The greyness (or otherwise) of February

Trees and fence reflected in pond on misty February day

February can seem so dull, lacking the newness of the year in January or the spring joyfulness of March. The fields and the garden are too wet to work, there are muddy patches to negotiate on every walk and too many days are grey and overcast. It’s the time of year for catching up with all the niggling jobs that have been put off, for repairing machines and buildings and for sorting, cleaning, discarding, recycling and reorganising on the farm and in the house.

Thankfully, there are bright spots to relieve the greyness and tedium.

Farming conferences, farm machinery shows and training days bring a little light relief and we’ve been temporarily transported back into the sparkle and glitz of Christmas at trade shows while ordering our 2018 decorations.

Lichen growing in hedge

Lichen on the bare branches of the hedges brings a splash of colour.


Oak tree in winter against blue sky

An ancient oak tree stands proud against the bright blue sky on a sunny day.


Tree shadow on farm barn

The shadow from a tree creates a piece of wall art on the side of a barn while …


Shadow of gate on stones in garden

… the shadow of a gate suggests the pattern for a parterre garden.


Reflection of tree in window

A bright day gives dramatic reflections in the window.


Rippled reflection of trees in a window

Looking in through a window, past the rippled reflections of the old glass, to see a piece of ivy still entwined amongst the candles makes me realise that I haven’t taken down all my Christmas decorations.

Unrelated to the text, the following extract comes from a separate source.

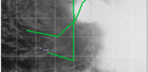 Toujours sur Tropical Tidbits, vous avez aussi les données des missions de reconnaissance.  On n’a rien compris aux données mais ce qui est intéressant c’est de se dire que pendant qu’on tergiverse, à savoir si on va à l’école, si on va au travail, comment on s’organise, s’il y a des bateaux ou autres, le métier de certaines personnes c’est d’aller faire des vols de reconnaissance dans une masse organisée de vents, de pression atmosphérique, de pluies, de charges électriques. Bonjour l’assurance professionnelle. La trajectoire du premier avion de reconnaissance envoyé jeudi est à retrouver juste en-dessous. Non ce n’est pas un jeu vidéo!

Scattering of snowdrops and crocus underneath apple tree on a late winter afternoon

On a winter’s afternoon, the scattering of snowdrops and crocus underneath the apple tree holds the promise that spring isn’t too far away.

Maybe February isn’t so dull after all.

15 thoughts on “The greyness (or otherwise) of February

  1. I decided the other day that February is the worst month in both hemispheres, cold and wet in the north, hot and so humid here in the south. But amongst that there are the bright spots, which you have found in your wonderful pictures (snowdrops and crocuses make my heart glad!) and here today it is beautifully cool, and it even rained last night, the first in a long time. So the bright spots become much more valued!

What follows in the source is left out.